Geographic Information System (GIS): includes the development of the distribution network and the territorial cadastre within the area served by the distributor. This will form the basis for determining coverage factors and consumption constraints within the grids.
4. 
Global forecast estimate: using the data from point 2, the global forecast can be obtained using the Prophet method. For spatial analysis, a choice must be made between this result and the data from point 1. In this study, it will serve as an input variable. In the proposed geospatial analysis, the results of segment S 1 must be adjusted using the global forecast ( N = 1 ). Similarly, the results of segments S 2 and S 3 must be adjusted using the outcomes of segments S 1 and S 2 , respectively (see Figure 7).
5. 
Definition of number of segments (NS) and scales: the analysis considers different geospatial scales. Smaller grid sizes (e.g., 100 m, 50 m) often result in historical energy consumption data with low correlations, limiting the applicability of existing methods in the literature.
6. 
Segmentation process: this step involves determining the historical consumption of grids at various scales and preparing the database for clustering and relative growth estimation. Additionally, it includes the necessary matrix arrangements for geospatial analysis. This article proposes a three-stage segmentation approach: segment S1 with a scale of 1:10,000, segment S2 with a scale of 1:1000, and segment S3 with a scale of 1:100. To achieve this, the locations of energy supplies are mapped to the corresponding grids for each segment, using their geographic coordinates: S1 with a resolution of 10 4 m (C10,000: UTM/10,000), S2 with a resolution of 10 3 m (C1000: UTM/1000), and S3 with a resolution of 10 2 m (C100: UTM/100). The historical energy consumption within each grid (Zc) is calculated by summing the consumption of all supplies located within it, providing the foundation for clustering and forecasting processes.
7. 
Clustering process: conducted for each segment using the K-means algorithm to determine the optimal number of clusters.
Before applying the algorithm, detecting and removing outliers is crucial, evaluating features through the correlation coefficient, and performing normalization.
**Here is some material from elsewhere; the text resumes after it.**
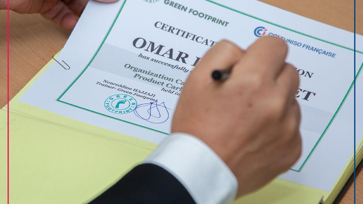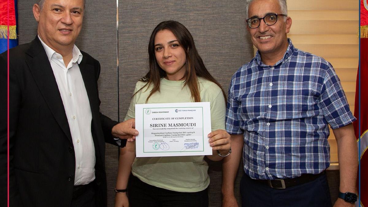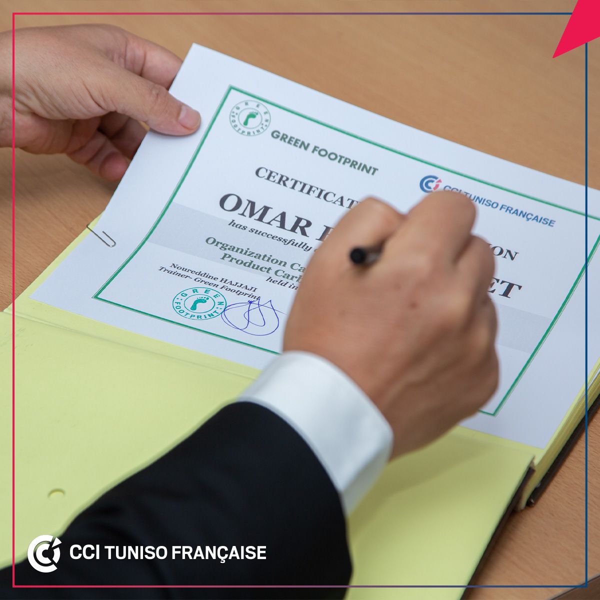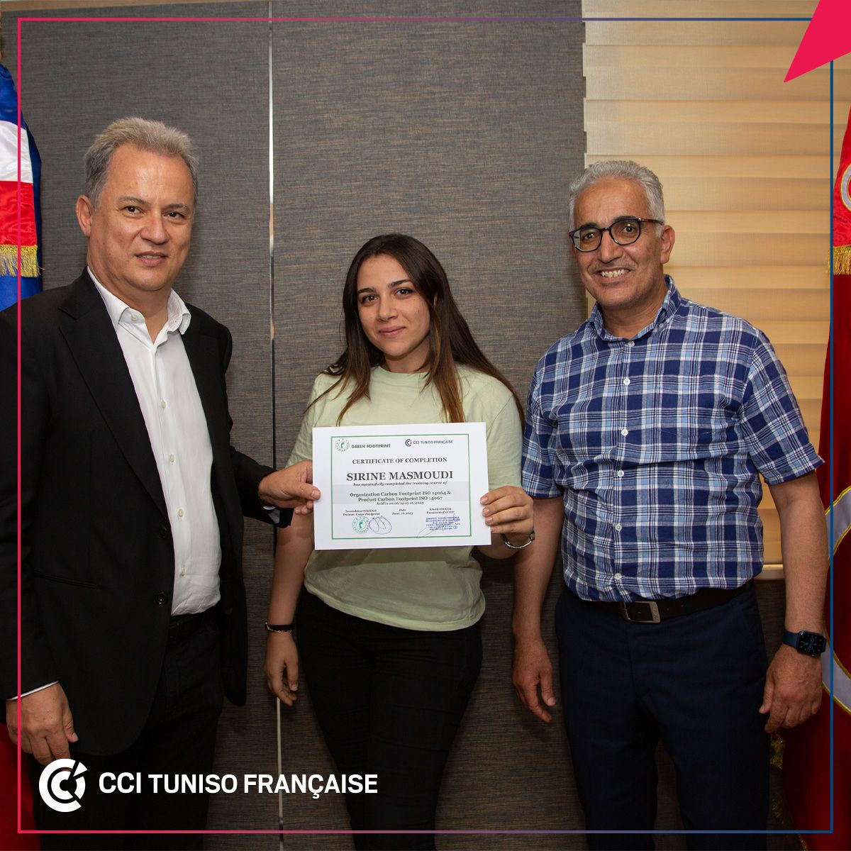 M Khelil Chaibi, Président de la CCITF a procédé, le 16 juin 2023, à la clôture de la troisième session de formation organisée par la CCITF, du 14 au 16 juin 2023, dédiée au Bilan Carbon et l'empreinte Carbone. Cette session a enregistré la participation de 15 cadres d'entreprise. M Khélil Chaibi a procédé, à cette occasion, à la remise des certificats aux participants de cette formation qui a été assurée par M Noureddine HAJJAJI, Expert Senior Environnement chez Green Footprint.

The elbow and silhouette methods were utilized for optimal clustering of areas with complete historical data due to their simplicity, computational efficiency, and ease of interpretation. For regions with incomplete historical data, a specific group previously identified was assigned through a training process and confidence intervals. Compared with other evaluated methods, DBSCAN was not practical due to its computational inefficiency and the lack of consistent clustering. Additionally, the processing time for Gaussian Mixture Models was significantly longer, making their use less efficient. On the other hand, employing more complex algorithms such as Random Forest or neural networks did not offer significant benefits at this stage due to the increased computational load.
8. 
Relative growth estimation: for each cluster of grids resulting from the previous process, relative growth is estimated using the Prophet method.
Prophet was selected due to its outstanding balance between accuracy and simplicity in time series analysis, particularly in contexts similar to electrical demand forecasting. It is intuitive and robust against missing data, easily adjustable, and effective when data exhibit clear trends and seasonal effects. Prophet replaces more sophisticated models such as LSTM, which requires a larger data set, more tuning time, and careful hyperparameter configuration, or ARIMA and SARIMA models, which face limitations in handling series with multiple seasonalities or dynamic trends. In this study, the comparison of reported errors confirms that Prophet achieves competitive performance, and its selection is justified by the problem’s characteristics and the available resources.
9. 
Geospatial analysis: geospatial analysis involves the application of the convolution algorithm and its subsequent normalization or adjustment based on the results of the global forecast (EG). The fundamental concept behind the convolution of relative growth ( T . E ) with attraction poles (M) is to determine a reference growth (G) for geospatial forecasting, prior to normalization. Since the convolution process includes grids with restricted areas (R) and areas that are partially or fully covered (C), these parameters must be incorporated into the determination of G. The proposed formulation is expressed in the following equation:
G = C · R · ( T . E ) M
Subsequently, this reference growth is normalized to ensure that the globally forecasted growth ( Δ E G ) matches the total growth of the grids within each segment. The mathematical formulation used for normalization is expressed as follows:
E = E + Δ E G i j G i , j · G
where Δ E represents the growth matrix for the grids in segments S 1 , S 2 , and S 3 . Specifically:
Δ E = E E = i S j S E i , j E i , j
New consumption grids are identified when the forecast exceeds the historical average obtained based on the statistics of the distribution company.
10. 
Final outputs: the results of geospatial forecasting at the grid level and for each segment.

3.1. Simple Application

The initial consumption of an area composed of 12 grids, represented by the matrix E 3 × 4 , is 3000 MWh, and the details are as follows:
E = 450 300 0 150 600 300 300 0 300 450 150 0 MWh
A global growth of 50% is anticipated over a time horizon.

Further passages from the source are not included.